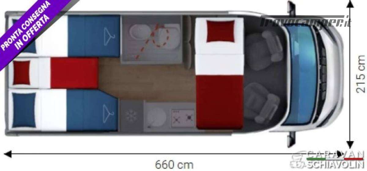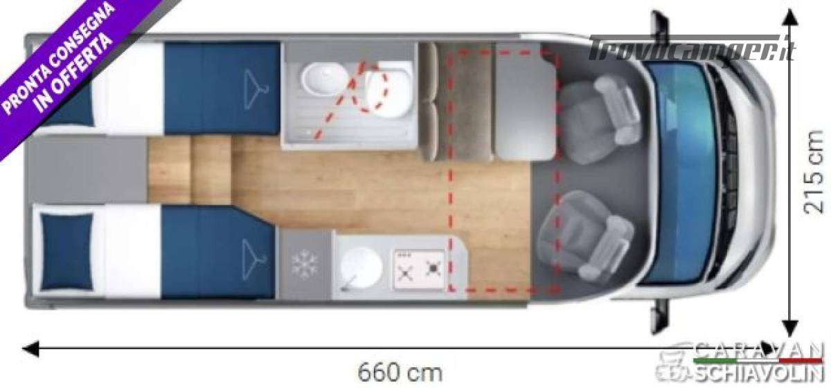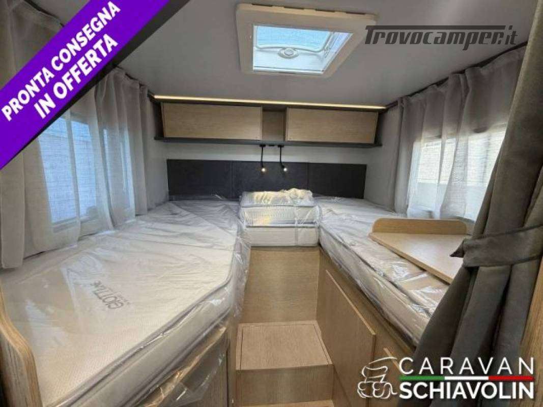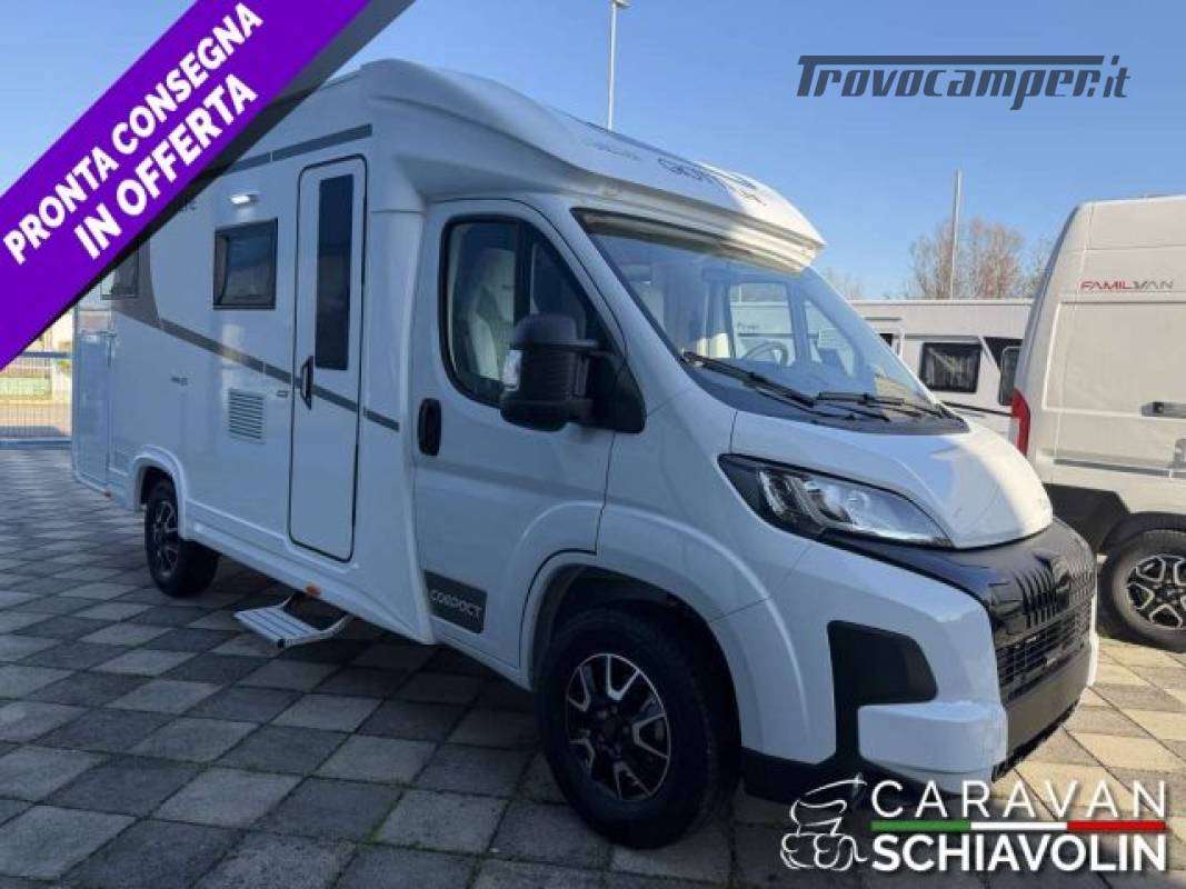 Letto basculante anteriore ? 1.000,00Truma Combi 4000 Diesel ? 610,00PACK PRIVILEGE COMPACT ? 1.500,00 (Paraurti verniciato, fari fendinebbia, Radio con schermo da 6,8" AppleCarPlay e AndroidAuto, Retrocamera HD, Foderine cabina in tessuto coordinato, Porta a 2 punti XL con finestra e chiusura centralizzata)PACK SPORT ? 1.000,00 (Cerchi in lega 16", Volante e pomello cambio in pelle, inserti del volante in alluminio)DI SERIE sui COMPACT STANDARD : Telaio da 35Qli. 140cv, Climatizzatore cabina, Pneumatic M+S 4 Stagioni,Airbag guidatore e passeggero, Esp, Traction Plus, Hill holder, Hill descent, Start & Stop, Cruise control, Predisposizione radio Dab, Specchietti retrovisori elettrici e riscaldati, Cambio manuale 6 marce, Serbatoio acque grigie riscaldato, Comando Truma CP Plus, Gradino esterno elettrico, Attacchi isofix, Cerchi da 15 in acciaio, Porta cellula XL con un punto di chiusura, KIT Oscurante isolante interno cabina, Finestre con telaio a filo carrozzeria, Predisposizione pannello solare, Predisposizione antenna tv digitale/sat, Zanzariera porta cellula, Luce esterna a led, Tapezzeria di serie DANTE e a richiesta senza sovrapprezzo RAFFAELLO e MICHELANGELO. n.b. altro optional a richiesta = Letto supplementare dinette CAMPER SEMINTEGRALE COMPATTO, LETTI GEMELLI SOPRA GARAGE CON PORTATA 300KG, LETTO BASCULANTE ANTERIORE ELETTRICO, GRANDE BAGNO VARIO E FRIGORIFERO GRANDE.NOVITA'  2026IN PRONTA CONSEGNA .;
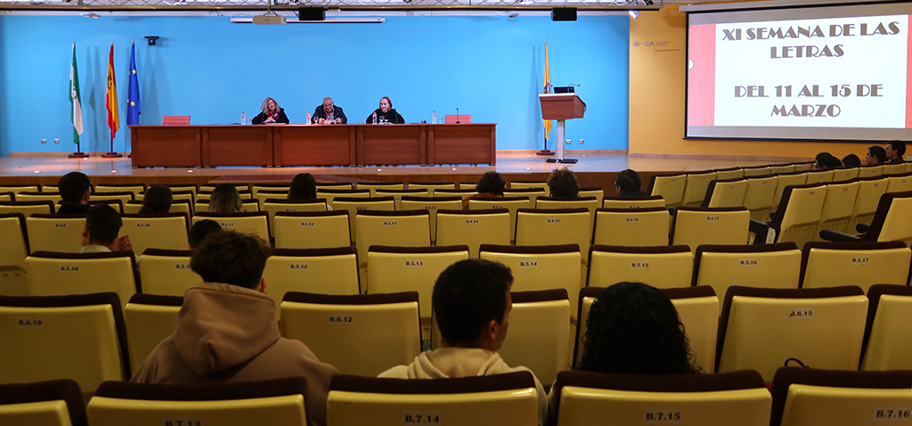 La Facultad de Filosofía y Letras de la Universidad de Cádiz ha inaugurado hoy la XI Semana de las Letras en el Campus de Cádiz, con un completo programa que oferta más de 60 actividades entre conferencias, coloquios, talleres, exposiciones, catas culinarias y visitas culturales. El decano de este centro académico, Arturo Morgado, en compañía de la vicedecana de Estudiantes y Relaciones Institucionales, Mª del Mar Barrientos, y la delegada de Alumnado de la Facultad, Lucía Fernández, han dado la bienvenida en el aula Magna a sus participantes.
...
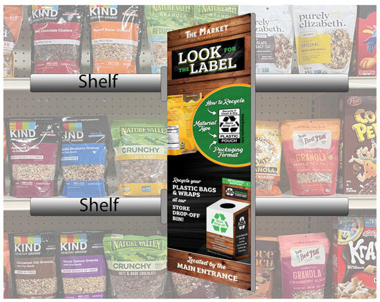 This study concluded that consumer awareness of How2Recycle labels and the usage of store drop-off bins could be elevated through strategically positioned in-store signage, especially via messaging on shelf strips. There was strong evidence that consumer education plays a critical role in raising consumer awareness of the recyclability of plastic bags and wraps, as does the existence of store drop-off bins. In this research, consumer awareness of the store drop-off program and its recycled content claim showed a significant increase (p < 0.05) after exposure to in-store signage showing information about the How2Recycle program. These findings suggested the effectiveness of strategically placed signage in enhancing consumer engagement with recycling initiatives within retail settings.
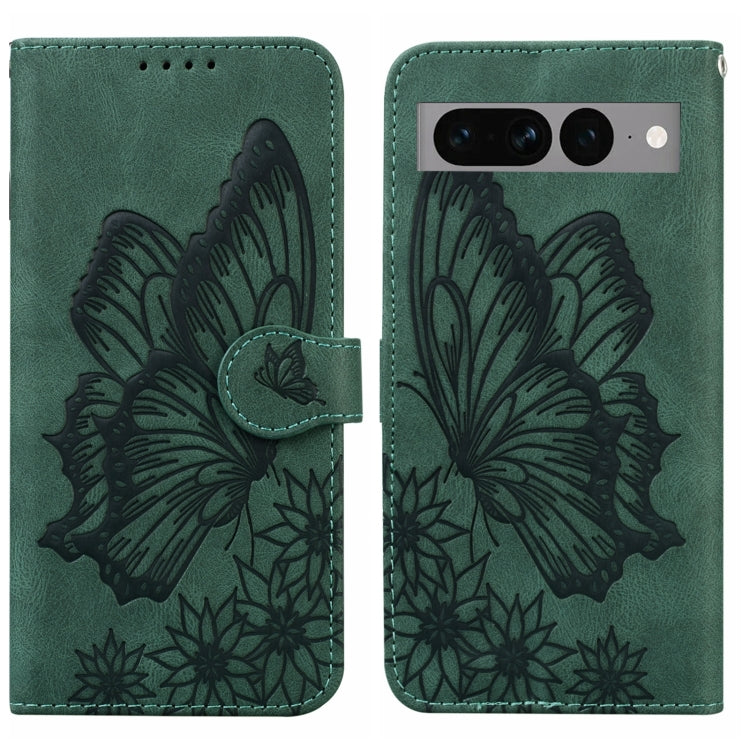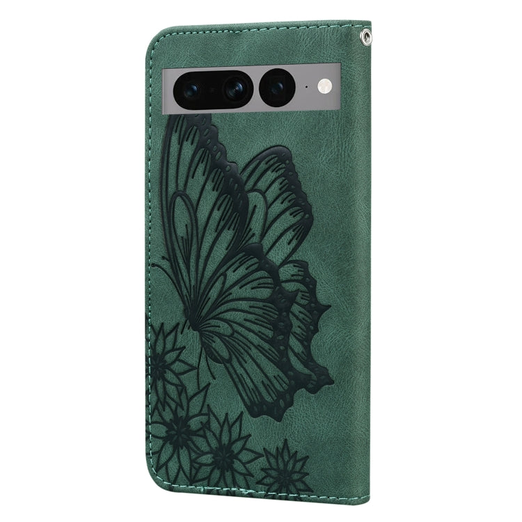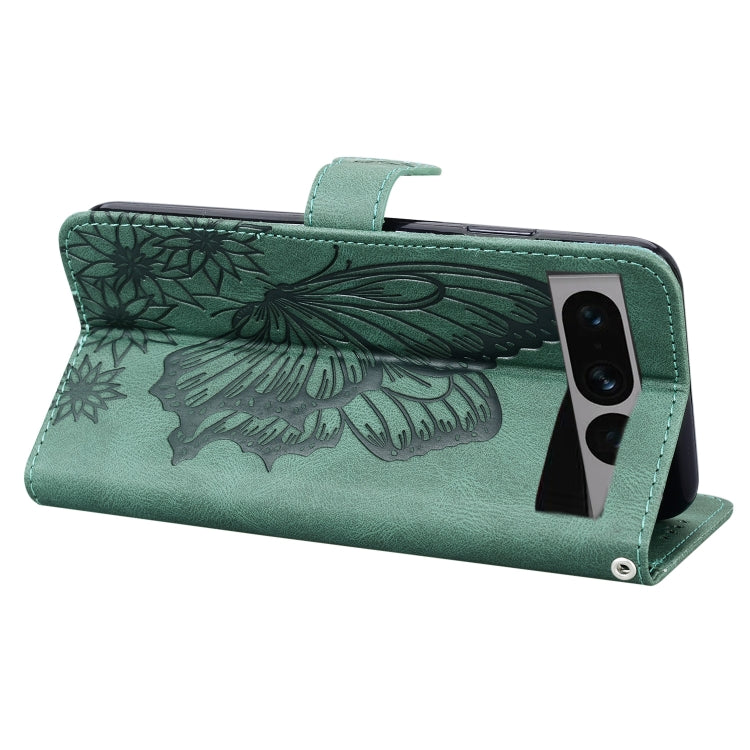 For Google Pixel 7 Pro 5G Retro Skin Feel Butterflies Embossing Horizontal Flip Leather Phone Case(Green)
--
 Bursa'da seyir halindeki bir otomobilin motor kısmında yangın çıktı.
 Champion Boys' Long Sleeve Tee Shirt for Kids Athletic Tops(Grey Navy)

**WHAT THE TASK ASKS**
Copy the lines above exactly. Start with the line containing "Bursa'da seyir halindeki", end with the line containing "Champion Boys' Long", and include both.

**SOLVED EXERCISE**
 Bursa'da seyir halindeki bir otomobilin motor kısmında yangın çıktı.
 Champion Boys' Long Sleeve Tee Shirt for Kids Athletic Tops(Grey Navy)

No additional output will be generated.